Good point. I don't see non-full WAL archiving as a problem for the
backup or shutdown, but I do see an issue with doing archives every X
seconds.  If someone sets that really low (and someone will) we could
easily fill the disk.  However, rather than do it ourselves, maybe we
should make it visible to administrators so they know exactly what is
happening and can undo it in case they need to recover, something like:

archive_command = 'gzip <%p >%f'

so the compression is done in a way that is visible to the
administrator.

--  Bruce Momjian                        |  http://candle.pha.pa.us pgman@candle.pha.pa.us               |  (610)
359-1001+  If your life is a hard drive,     |  13 Roberts Road +  Christ can be your backup.        |  Newtown Square,
Pennsylvania19073
 


Re: Problem with PITR recovery

From
Oleg Bartunov
Date:
On Tue, 19 Apr 2005, Simon Riggs wrote:

>>> I'd suggest this as a backpatch for 8.0.x, when completed.
>>
>> Not a chance --- it's a new feature, not a bug fix, and has substantial
>> risk of breaking things.
>
> No problem for me personally; I only request it, according to users
> wishes.

Users wish deterministic procedure of online backup. Well, it should be
at least clearly documented and explained.


>
> Best Regards, Simon Riggs
>
>
> ---------------------------(end of broadcast)---------------------------
> TIP 9: the planner will ignore your desire to choose an index scan if your
>      joining column's datatypes do not match
>
    Regards,        Oleg
_____________________________________________________________
Oleg Bartunov, sci.researcher, hostmaster of AstroNet,
Sternberg Astronomical Institute, Moscow University (Russia)
Internet: oleg@sai.msu.su, http://www.sai.msu.su/~megera/
phone: +007(095)939-16-83, +007(095)939-23-83


Re: Problem with PITR recovery

From
Simon Riggs
Date:
On Mon, 2005-04-18 at 21:25 -0400, Bruce Momjian wrote:
> Tom Lane wrote:
> > Simon Riggs <simon@2ndquadrant.com> writes:
> > > The wal file could be truncated after the log switch record, though I'd
> > > want to make sure that didn't cause other problems.
> > 
> > Which it would: that would break WAL file recycling.
> 
> Good point. I don't see non-full WAL archiving as a problem for the
> backup or shutdown, but I do see an issue with doing archives every X
> seconds.  If someone sets that really low (and someone will) we could
> easily fill the disk.  

The disk would only fill if the archiver doesn't keep up with
transmitting xlog files to the archive. The archive can fill up if it is
not correctly sized, even now. Switching log files every N seconds would
at least give a very predictable archive sizing calculation which should
actually work against users sizing their archives poorly.

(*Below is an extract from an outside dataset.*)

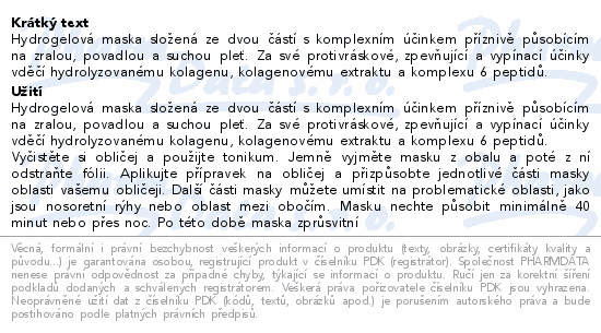 Hydrogelová maska složená ze dvou částí s komplexním účinkem příznivě působícím na zralou, povadlou a suchou pleť. Za své protivráskové, zpevňující a vypínací účinky vděčí hydrolyzovanému kolagenu, kolagenovému extraktu a komplexu 6 peptidů.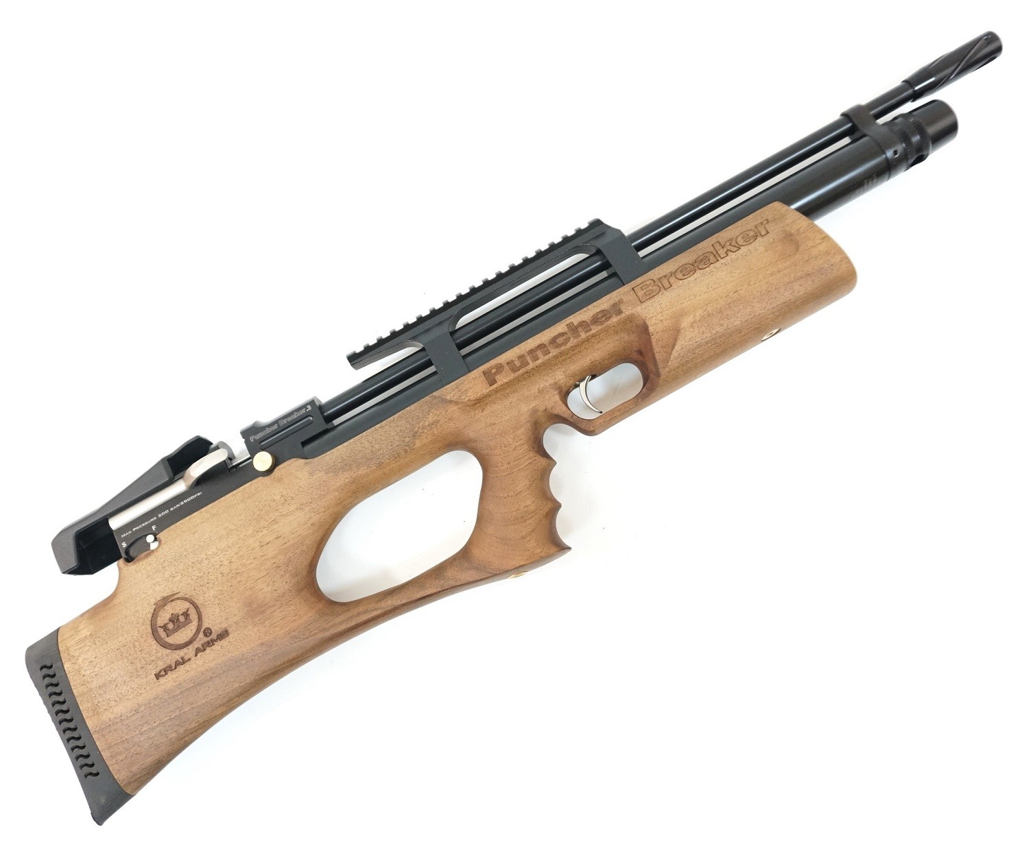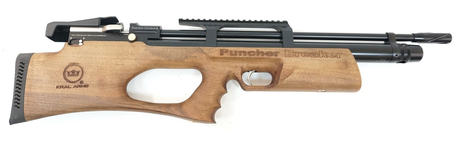 Винтовка Крал Панчер Брекер 3W имеет приклад типа «булл-пап», за счет чего оружие имеет небольшую длину, при этом без ущерба для качества стрельбы. Предусмотрена планка для установки оптического или коллиматорного прицела. Ствол винтовки нарезной. При изготовлении данной модификации использовано натуральное дерево (ложе) и качественный металл. Общая длина винтовки – 73 см при длине ствола в 53 см, вес – 3,4 кг. В комплекте с винтовкой два магазина, штуцер для заправки резервуара и паспорт.

> However, rather than do it ourselves, maybe we
> should make it visible to administrators so they know exactly what is
> happening and can undo it in case they need to recover, something like:
> 
> 
>     archive_command = 'gzip <%p >%f'
> 
> so the compression is done in a way that is visible to the
> administrator.

As long as we tell them there's more than one way to do it. Many tape
drives offer hardware compression, for example, so there would be no
gain in doing this twice.

Best Regards, Simon Riggs



Re: Problem with PITR recovery

From
Bruce Momjian
Date:
Simon Riggs wrote:
> On Mon, 2005-04-18 at 21:25 -0400, Bruce Momjian wrote:
> > Tom Lane wrote:
> > > Simon Riggs <simon@2ndquadrant.com> writes:
> > > > The wal file could be truncated after the log switch record, though I'd
> > > > want to make sure that didn't cause other problems.
> > > 
> > > Which it would: that would break WAL file recycling.
> > 
> > Good point. I don't see non-full WAL archiving as a problem for the
> > backup or shutdown, but I do see an issue with doing archives every X
> > seconds.  If someone sets that really low (and someone will) we could
> > easily fill the disk.  
> 
> The disk would only fill if the archiver doesn't keep up with
> transmitting xlog files to the archive. The archive can fill up if it is
> not correctly sized, even now. Switching log files every N seconds would
> at least give a very predictable archive sizing calculation which should
> actually work against users sizing their archives poorly.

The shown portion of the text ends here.